Romania had its credit rating maintained by Standard & Poor’s at BB+, one level below investment grade, with a stable outlook, due to the country’s economic growth potential and moderate government debt.
The Balkan nation’s government is likely to continue trimming its budget deficit while a precautionary loan accord with the International Monetary Fund and the European Union will minimize fiscal-slippage risks ahead of a general election in 2012, S&P credit analyst Marko Mrsnik said in a statement today.
“If the government maintains the momentum of its current structural reforms, building a sustained track record of fiscal prudence and maintaining stability in the financial sector, we could raise the ratings,” S&P said in the statement.

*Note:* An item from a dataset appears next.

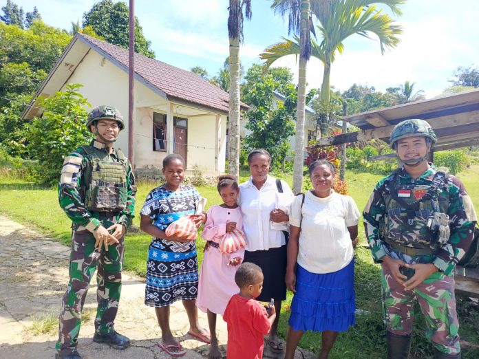 “Kami ingin berbagi sukacita dan berkat bersama saudara-saudara kami di Kampung Kamat. Melalui kegiatan ini, semoga hubungan baik antara Satgas dan masyarakat semakin erat,” ujar Danpos Kamat.

Romania, which has taken two international loans from the IMF and the EU since 2009, will probably see an economic expansion this year, after its output shrank for two years, helped by western European demand for the country’s manufacturing products, including Dacia SA cars. The country is getting ready to tap international markets this week for the first time in more than a year to raise funds for its budget deficit, as it stops drawing money from international creditors.
Romania’s leu, the third-best performer this year among more than 20 emerging-market currencies tracked by Bloomberg, fell 0.4 percent to 4.1720 per euro as of 1:15 p.m., while the Bucharest Stock Exchange’s benchmark BET index dropped 0.4 percent to 5540,32.
The Balkan nation took a 5 billion-euro ($7.3 billion) precautionary loan from the IMF this year to reassure investors it will maintain fiscal discipline ahead of elections next year and narrow itsbudget deficit to below 3 percent of gross domestic product in 2012.
“The 2011 deficit appears broadly attainable with continued adjustments in social welfare spending and public sector rationalization,” the S&P statement said. “Strengthening economic growth from 2012, if combined with spending prudence, should help to further reduce the deficit. However, we do not expect the government to fully meet its target without supplementary measures, which it may be reluctant to undertake in an election year.”